The following classes are automatically serializable without any extra steps:

  • DynamicObject
  • MutableDynamicObject
  • ClassMap
  • MutableClassMap

The following classes have type arguments, so you may need to specify an explicit serializer if type argument is not serializable:

  • DynoMap
  • MutableDynoMap
  • TypedClassMap
  • MutableTypedClassMap

Note: Annotations like @Serializable(with=Serializer::class) or @Contextual do not work inside function type arguments. For example, this will not work: Json.decodeFromString<TypedClassMap<@Contextual Any>>("{}")

To serialize these classes using Json.encodeToString or Json.decodeFromString, you must specify an explicit serializer. For example, MutableClassMap should be serialized like this:

Json.encodeToString(MutableTypedClassMapSerializer, mutableTypedClassMap)

Lazy Serializer Mapping

Class Serializer
TypedClassMap TypedClassMapSerializer
MutableTypedClassMap MutableTypedClassMapSerializer
DynoMap DynoMapMapSerializer
MutableDynoMap MutableDynoMapSerializer

Eager Deserialization

Achieved with AbstractEagerDynoSerializer — a powerful base class for implementing eager deserialization strategies.

  • Direct deserialization. unlike lazy serialization, which stores intermediate JsonElement representations, eager serialization decodes values directly into their final types, offering better memory efficiency.
  • Mixed strategies: supports mixing eager and lazy (JsonElement) deserialization strategies within the same object by returning ResolveResult.Keep.
  • Polymorphic handling: delay deserialization of keys that depend on other fields using ResolveResult.Delay, enabling polymorphic or conditional deserialization.

Usage example.

DynoKey validation

The onAssign and onDecode processors can be assigned to add validation logic. All processors are chained in the order of assignment.

  • onAssign is called when a value is manually assigned to the key (e.g., obj[key] = value or dynamicObjectOf(key with value)).
  • onDecode is called when a value is deserialized.
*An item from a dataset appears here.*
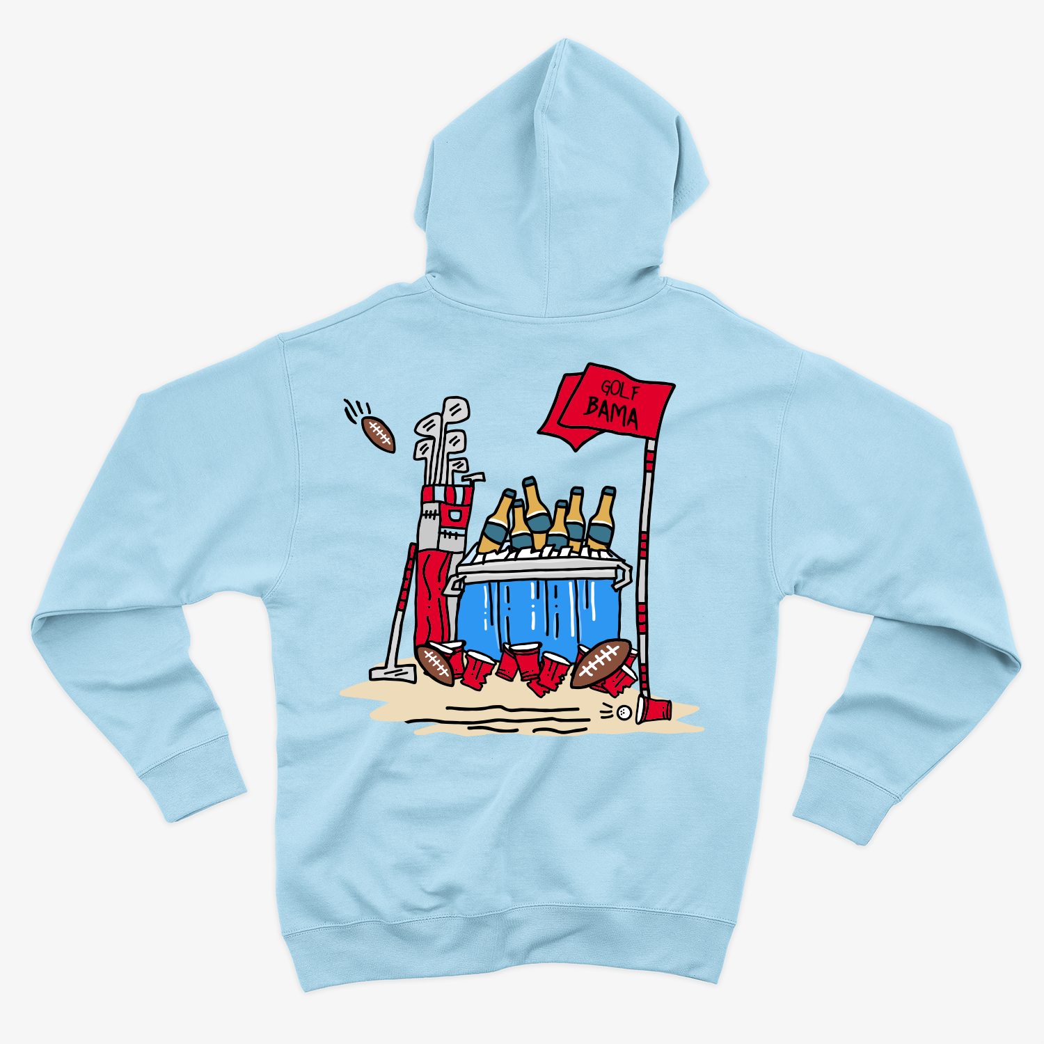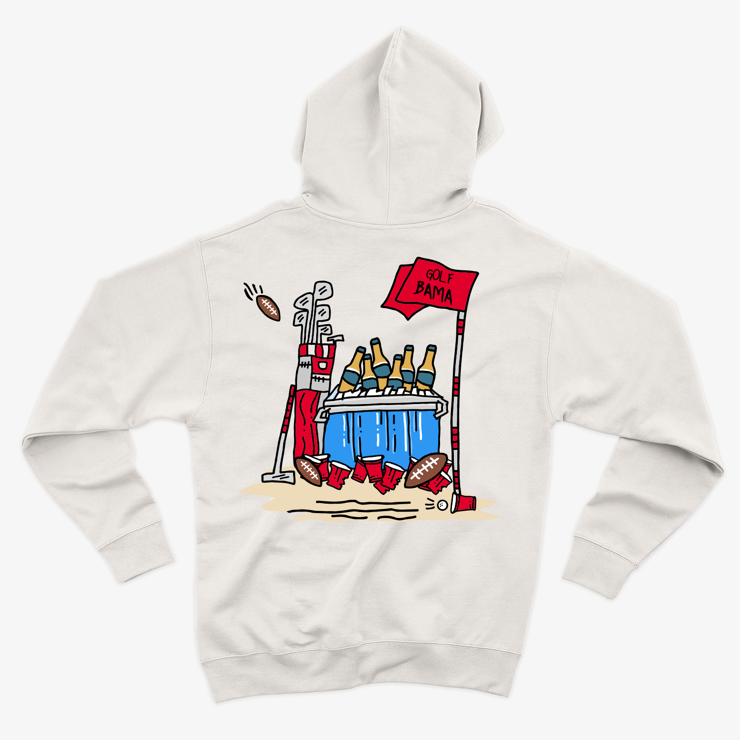 Inspired by Alabama’s legendary tailgate culture, the design features a beer-filled cooler, flying footballs, and red solo cups scattered across the sand — with one of them acting as a golf hole, all flying under a bold "Golf Bama" flag.

Useful when validation is only needed for deserialized objects received from network.
  • validate assigns the same validation logic to both onAssign and onDecode.

Example

object Person {
    val age by dynoKey<Int>().onDecode { 
        require(it > 0) { "'age' must be positive, but was: $it" } 
    }
    val name by dynoKey<String>().validate {
        require(it.isNotBlank()) { "'name' must not be empty" }
    }
}

Decoding from JSON - both onDecode and validate processors are called:

val obj = Json.decodeFromString<DynamicObject>("""{"name": "", "age": -1}""")
decoded[Person.age]  // throws IllegalArgumentException
decoded[Person.name] // throws IllegalArgumentException

Manual assignment - only validate processor is called:

val obj = mutableDynamicObjectOf(Person.age with -1)
obj[Person.age]       // returns -1
obj[Person.name] = "" // throws IllegalArgumentException

// throws IllegalArgumentException
mutableDynamicObjectOf(Person.name with "") 

Composition

The validation functions are easily composable and can be used to build your own validation DSL:

fun <R: DynoKeySpec<String>> R.notBlank() = validate {
    require(it.isNotBlank()) { "property '$name' must not be empty" }
}

fun <R: DynoKeySpec<String>> R.maxLength(max: Int) = validate {
    require(it.length <= max) { "property '$name' length must be <= $max, but was: ${it.length}" }
}

Multiple validators are chained together:

object User {
    val name = DynoKey<String>("username")
        .notBlank()
        .maxLength(100)
        
    val email by dynoKey<String>()
        .validate { require("@" in it) { "property '$name' must be valid email" } }
        .maxLength(255)
}

When a value is assigned or decoded, all validators in the chain are executed in order.